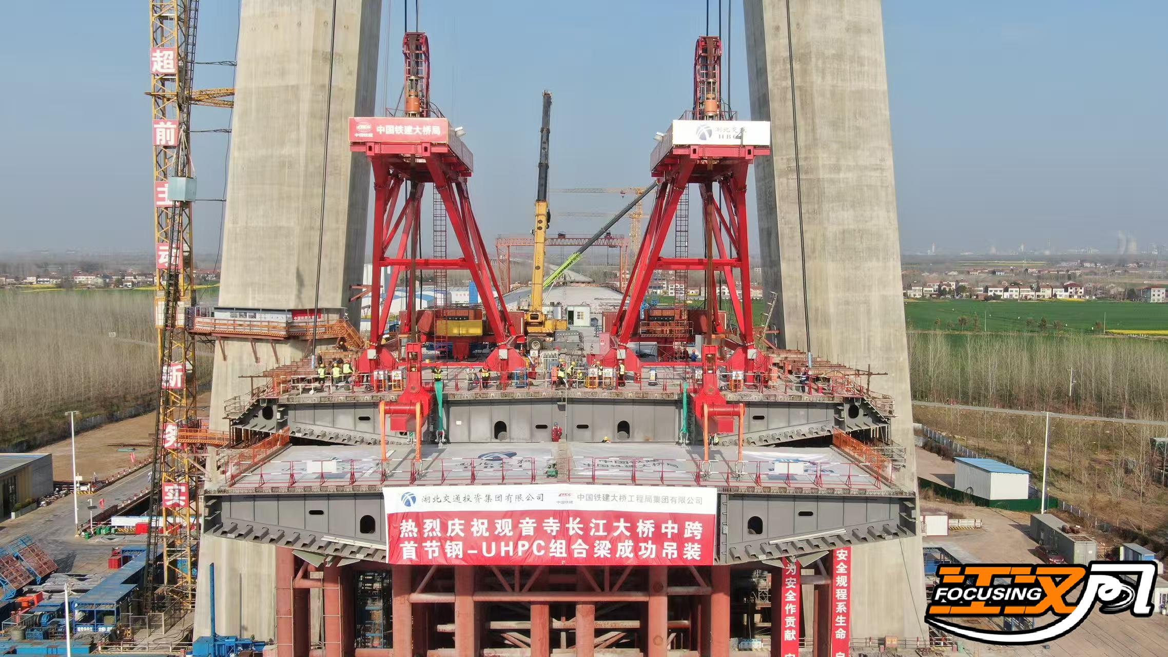 湖北荆州:观音寺长江大桥中跨首节钢箱梁成功吊装
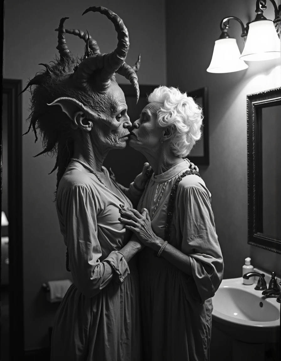 Monochrome/greyscale elderly woman in a bedroom/bathroom/livingroom. However you can totally prompt it to work outside of those paramaters easily. It just what it was trained on and works best as.
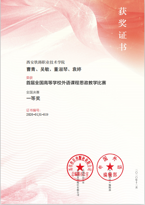 “首届全国高等学校外语课程思政教学比赛”历时半年,分三个阶段、线上+线下模式进行。共有全国29个省、市、自治区771所院校的1500件参赛作品。永利官网参赛团队在基础部组织下积极研究教材,精心筛选素材,认真打磨作品,发挥团队作用,通过科学的教学设计将语言核心素养提升与思想政治教育相结合,发挥课堂教学的育人功能,做到语言教学与立德树人同向同行,以陕西省第一名晋级决赛。最终与来自全国各地20所高职院校的参赛选手经过激烈角逐,在课程设计理念、语言基本功、授课台风等方面充分展现了永利官网教师扎实的教学功底和高超的教学技能,受到大赛评委的一致好评,荣获一等奖。
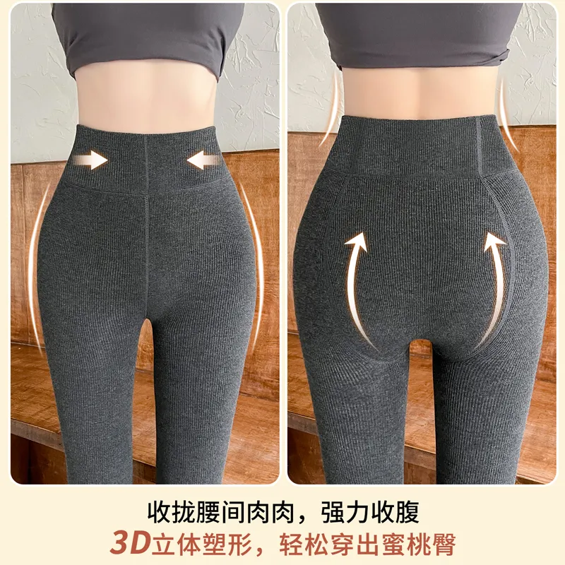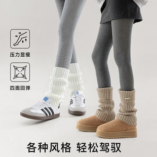 袜零下羊毛 加绒加厚外穿保暖针织竖条纹连裤 深灰色打底裤 女秋冬季
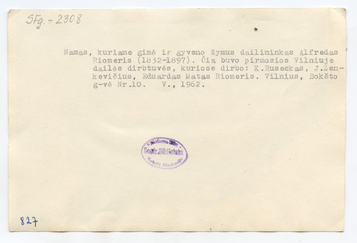 [Namas Nr. 10 Bokšto gatvėje, Vilniuje], [Vilnius] : [s.n.], 1962, 1 fotogr. ; 17.4 x 11.5 cm.
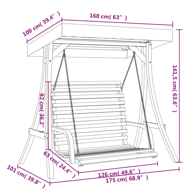 Houten schommelbank met luifel van massief vurenhout met teak afwerking
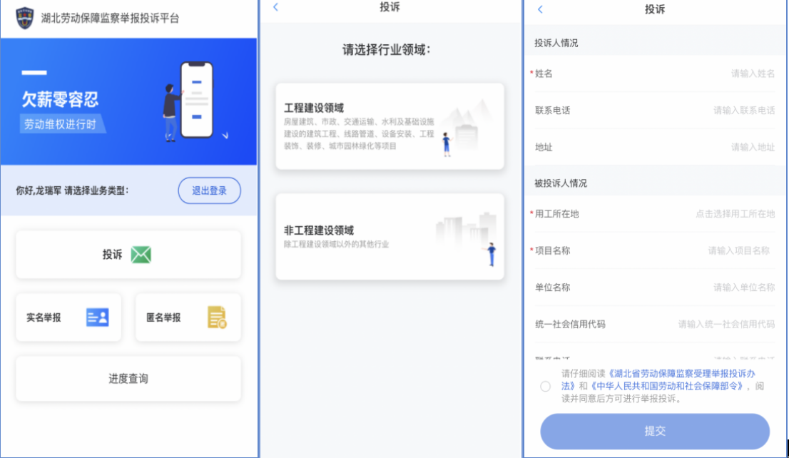 (一)舉報(bào)投訴登記。勞動(dòng)者可以點(diǎn)擊“投訴”“ 實(shí)名舉報(bào)”或“匿名舉報(bào)”,再按照行業(yè)領(lǐng)域選擇“工程建設(shè)領(lǐng)域”或“非工程建設(shè)領(lǐng)域”進(jìn)入業(yè)務(wù)辦理界面,填寫投訴或舉報(bào)事由、訴求等相關(guān)信息,并上傳證據(jù)資料。
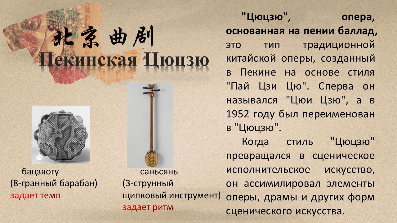 Quju, opera derived from ballad singing, is a type of traditional Chinese opera developed from the popular one-stringed Pai Zi Qu in Beijing. It was originally called Quyi Ju and was renamed Quju in 1952. Single string Paiziqu, also known as "Octagonal Drum", is a kind of rap art that uses Paiziqu couplet, three strings accompaniment and octagonal drum percussion to sing stories. It has rich tunes and various forms. When Beijing Quju gradually developing into stage performance art, it had absorbed and borrowed from traditional Chinese opera, drama and other forms as the basis for creating Quju.
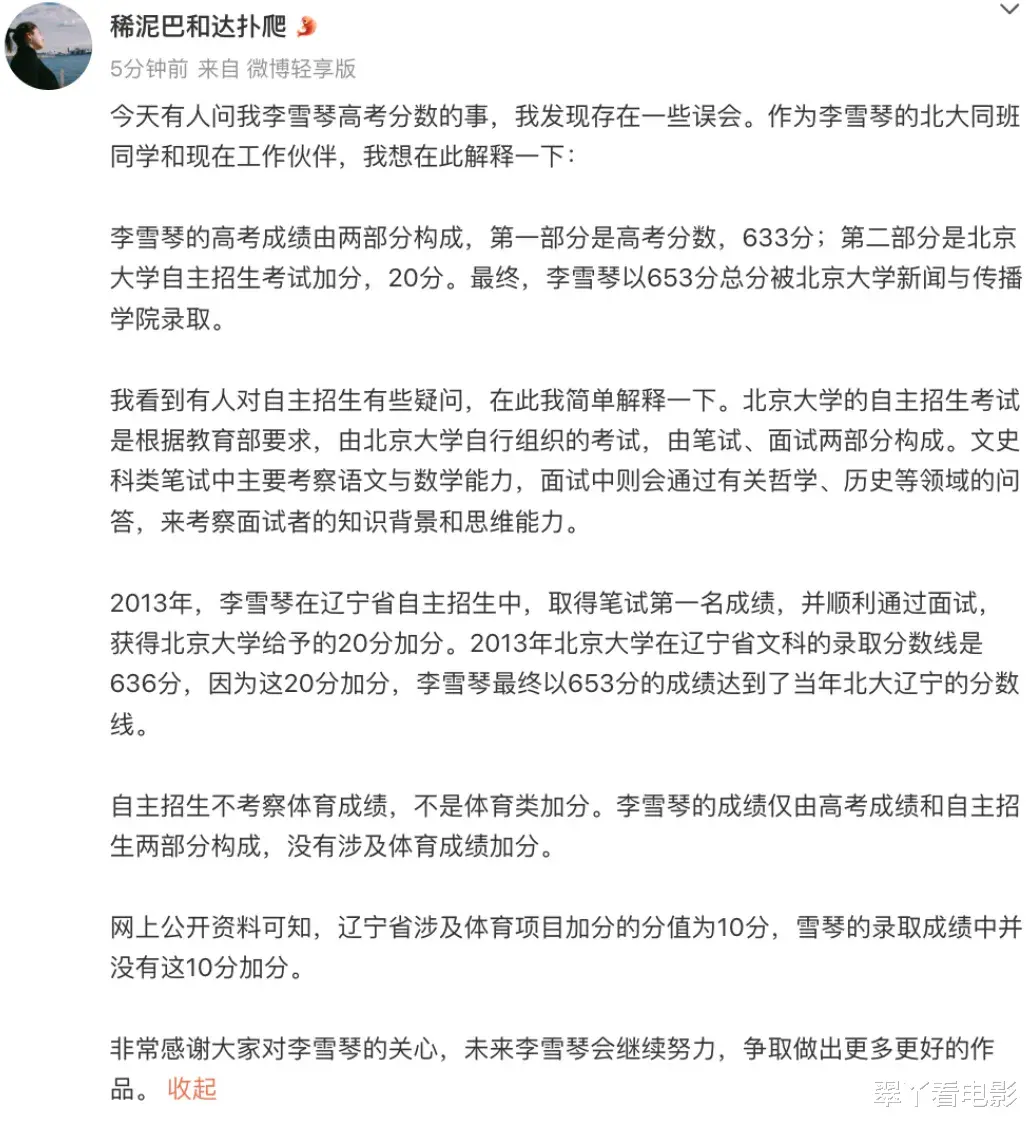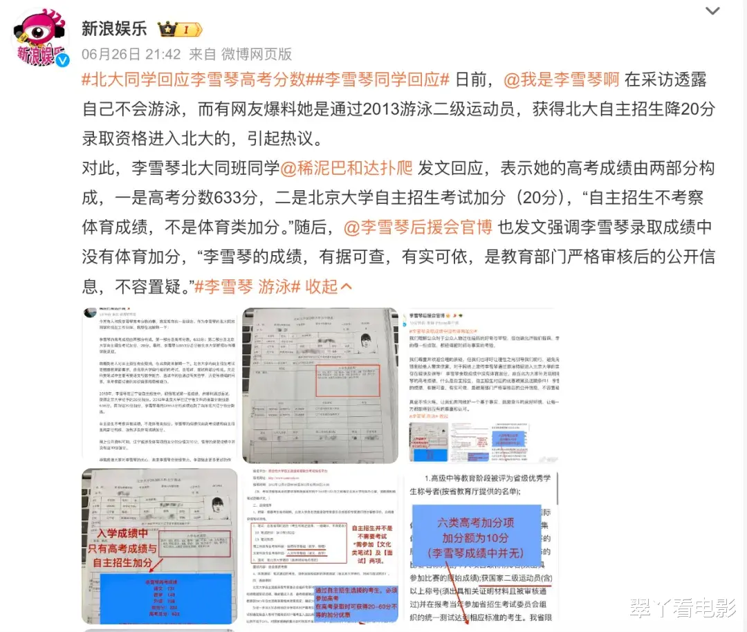 6月26日晚,博主“稀泥巴和达扑爬”发文称是李雪琴北大同学及工作伙伴,李雪琴的成绩仅由高考成绩和自主招生两部分构成,没有涉及体育成绩加分。
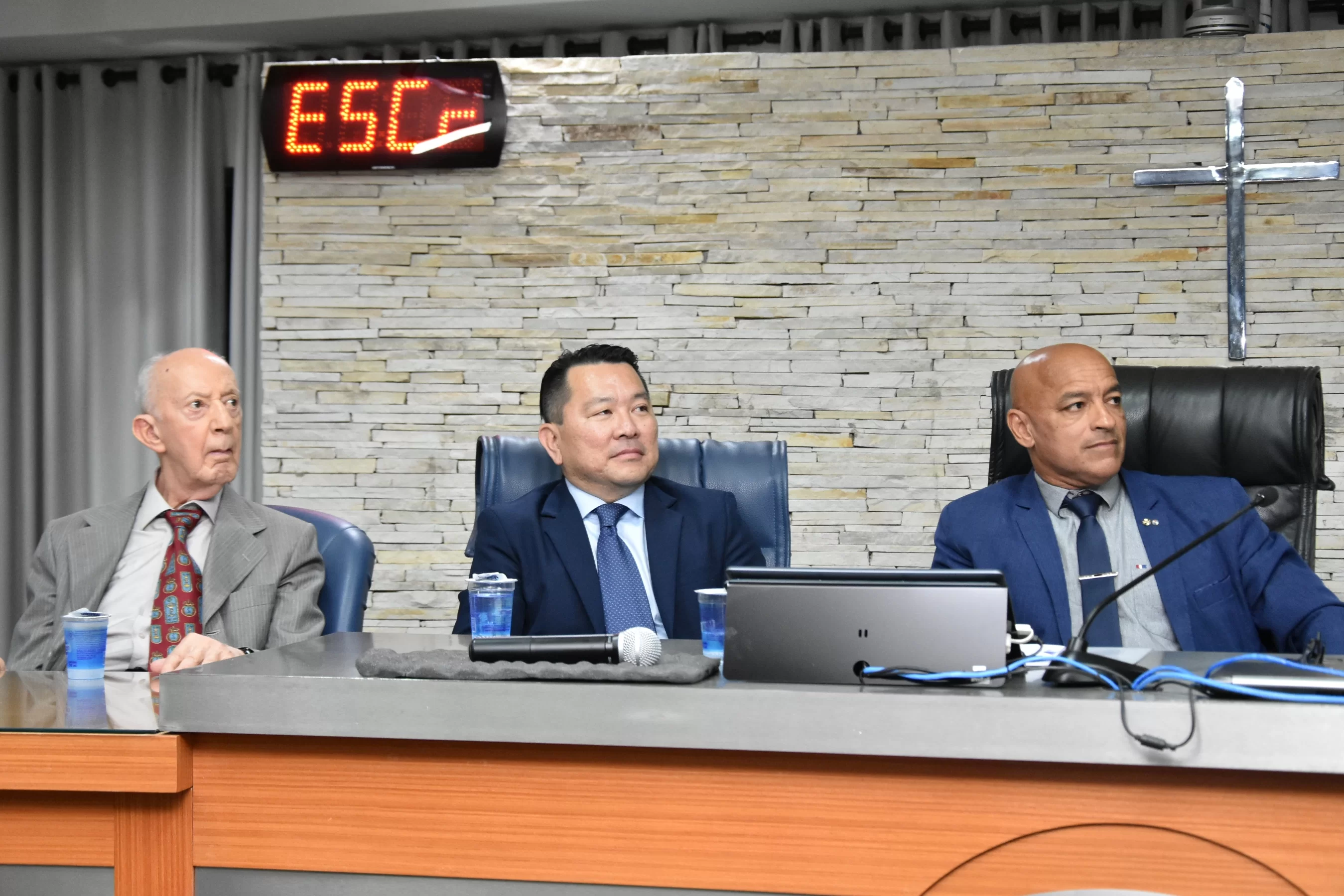 Fizeram parte da Mesa: o Vereador Luiz Carlos Anastácio - Paçoca, o ex-Prefeito Dr. Uebe Rezeck, o Comandante do Pelotão de Força Tática Luiz Francisco dos Santos Neto e o Dr. Edson Hiroshi Hayacibara.
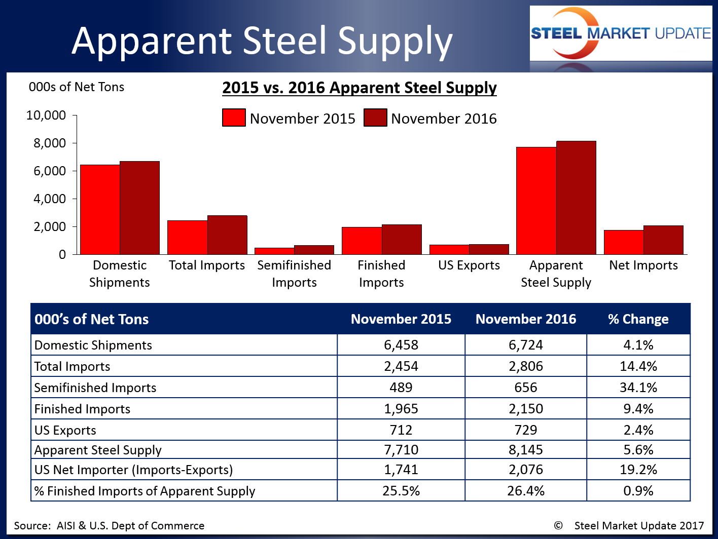 According to the latest data released from the U.S. Department of Commerce and the American Iron and Steel Institute, apparent steel supply for the month of November 2016 was 8,144,758 net tons. Apparent steel supply is calculated by adding domestic steel shipments and finished US steel imports, then subtracting total US steel exports.
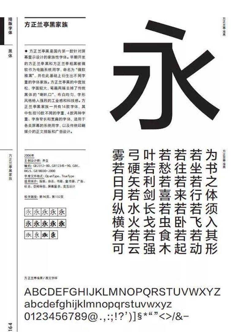 還有中國第一款針對屏幕顯示設(shè)計的方正蘭亭黑,字體的中宮放松,字面較大,筆畫兩端去掉了傳統(tǒng)黑體的“喇叭口”,布白均勻,字形風(fēng)格給人強烈的工業(yè)感和科技感,其美觀且醒目的設(shè)計受到國內(nèi)外使用者的喜愛。
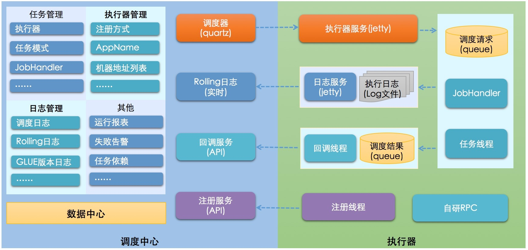 由个人开源的一个轻量级分布式任务调度框架 ,主要分为 调度中心和执行器两部分 , 调度中心在启动初始化的时候,会默认生成执行器的RPC代理对象(http协议调用), 执行器项目启动之后, 调度中心在触发定时器之后通过jobHandle 来调用执行器项目里面的代码,核心功能和elastic-job差不多,同时技术文档比较完善,系统架构图如下:
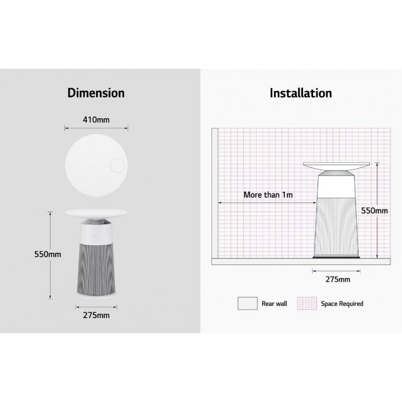 LG AeroFurniture 不僅是一部高效能的空氣清新機,更是一張時尚的茶几。其簡約優雅的設計,可作為床頭櫃或客廳邊桌,為您的家居增添品味,同時節省空間。桌面由再生塑膠製成,為環保出一分力。
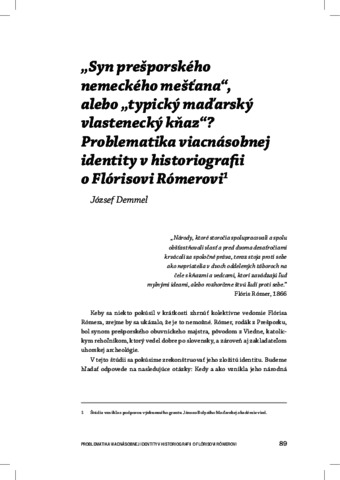Demmel, József (2016) Syn prešporského nemeckého mešťana” alebo „typický maďarský vlastenecký kňaz”? Problematika viacnásobnej identity v historiografii o Flórisovi Rómerovi. In: Bratislava. Múzeum mesta Bratislavy, Bratislava, pp. 89-104. ISBN 978-80-89636-06-8
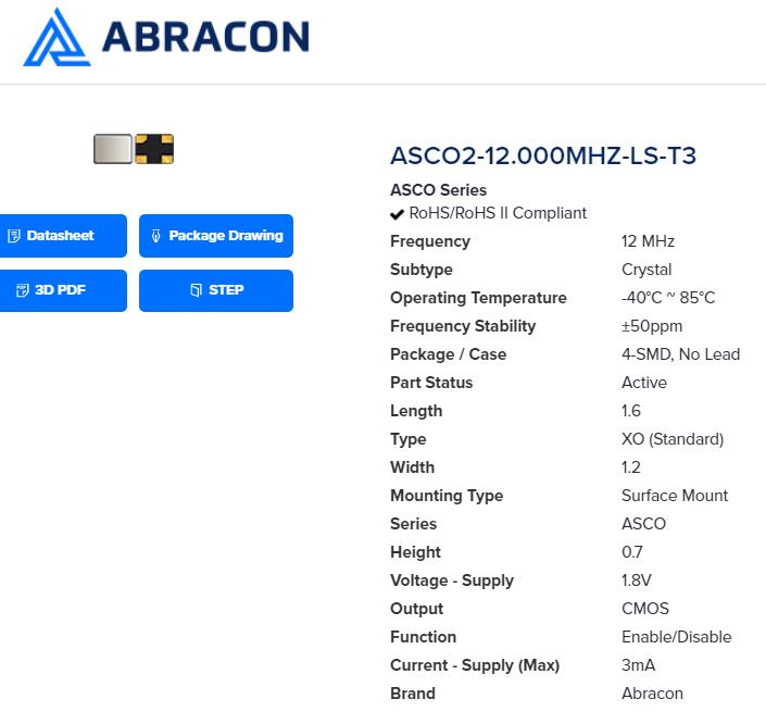 ASEMPC-12.000MHZ-LR-T | Abracon晶振 | Pure Silicon™ ASEMP | MEMS (Silicon) | 12MHz | 2.25 V ~ 3.6 V | -40°C ~ 85°C |

__TASK DIRECTIONS__: Every record above must be given again exactly; drop the pictures.

__WRITTEN REPLY__:
 湖北荆州:观音寺长江大桥中跨首节钢箱梁成功吊装
 Monochrome/greyscale elderly woman in a bedroom/bathroom/livingroom. However you can totally prompt it to work outside of those paramaters easily. It just what it was trained on and works best as.
 “首届全国高等学校外语课程思政教学比赛”历时半年,分三个阶段、线上+线下模式进行。共有全国29个省、市、自治区771所院校的1500件参赛作品。永利官网参赛团队在基础部组织下积极研究教材,精心筛选素材,认真打磨作品,发挥团队作用,通过科学的教学设计将语言核心素养提升与思想政治教育相结合,发挥课堂教学的育人功能,做到语言教学与立德树人同向同行,以陕西省第一名晋级决赛。最终与来自全国各地20所高职院校的参赛选手经过激烈角逐,在课程设计理念、语言基本功、授课台风等方面充分展现了永利官网教师扎实的教学功底和高超的教学技能,受到大赛评委的一致好评,荣获一等奖。
 袜零下羊毛 加绒加厚外穿保暖针织竖条纹连裤 深灰色打底裤 女秋冬季
 [Namas Nr. 10 Bokšto gatvėje, Vilniuje], [Vilnius] : [s.n.], 1962, 1 fotogr. ; 17.4 x 11.5 cm.
 Houten schommelbank met luifel van massief vurenhout met teak afwerking
 (一)舉報(bào)投訴登記。勞動(dòng)者可以點(diǎn)擊“投訴”“ 實(shí)名舉報(bào)”或“匿名舉報(bào)”,再按照行業(yè)領(lǐng)域選擇“工程建設(shè)領(lǐng)域”或“非工程建設(shè)領(lǐng)域”進(jìn)入業(yè)務(wù)辦理界面,填寫投訴或舉報(bào)事由、訴求等相關(guān)信息,并上傳證據(jù)資料。
 Quju, opera derived from ballad singing, is a type of traditional Chinese opera developed from the popular one-stringed Pai Zi Qu in Beijing. It was originally called Quyi Ju and was renamed Quju in 1952. Single string Paiziqu, also known as "Octagonal Drum", is a kind of rap art that uses Paiziqu couplet, three strings accompaniment and octagonal drum percussion to sing stories. It has rich tunes and various forms. When Beijing Quju gradually developing into stage performance art, it had absorbed and borrowed from traditional Chinese opera, drama and other forms as the basis for creating Quju.
 6月26日晚,博主“稀泥巴和达扑爬”发文称是李雪琴北大同学及工作伙伴,李雪琴的成绩仅由高考成绩和自主招生两部分构成,没有涉及体育成绩加分。
 Fizeram parte da Mesa: o Vereador Luiz Carlos Anastácio - Paçoca, o ex-Prefeito Dr. Uebe Rezeck, o Comandante do Pelotão de Força Tática Luiz Francisco dos Santos Neto e o Dr. Edson Hiroshi Hayacibara.
 According to the latest data released from the U.S. Department of Commerce and the American Iron and Steel Institute, apparent steel supply for the month of November 2016 was 8,144,758 net tons. Apparent steel supply is calculated by adding domestic steel shipments and finished US steel imports, then subtracting total US steel exports.
 還有中國第一款針對屏幕顯示設(shè)計的方正蘭亭黑,字體的中宮放松,字面較大,筆畫兩端去掉了傳統(tǒng)黑體的“喇叭口”,布白均勻,字形風(fēng)格給人強烈的工業(yè)感和科技感,其美觀且醒目的設(shè)計受到國內(nèi)外使用者的喜愛。
 由个人开源的一个轻量级分布式任务调度框架 ,主要分为 调度中心和执行器两部分 , 调度中心在启动初始化的时候,会默认生成执行器的RPC代理对象(http协议调用), 执行器项目启动之后, 调度中心在触发定时器之后通过jobHandle 来调用执行器项目里面的代码,核心功能和elastic-job差不多,同时技术文档比较完善,系统架构图如下:
 LG AeroFurniture 不僅是一部高效能的空氣清新機,更是一張時尚的茶几。其簡約優雅的設計,可作為床頭櫃或客廳邊桌,為您的家居增添品味,同時節省空間。桌面由再生塑膠製成,為環保出一分力。
Demmel, József (2016) Syn prešporského nemeckého mešťana” alebo „typický maďarský vlastenecký kňaz”? Problematika viacnásobnej identity v historiografii o Flórisovi Rómerovi. In: Bratislava. Múzeum mesta Bratislavy, Bratislava, pp. 89-104. ISBN 978-80-89636-06-8
 ASEMPC-12.000MHZ-LR-T | Abracon晶振 | Pure Silicon™ ASEMP | MEMS (Silicon) | 12MHz | 2.25 V ~ 3.6 V | -40°C ~ 85°C |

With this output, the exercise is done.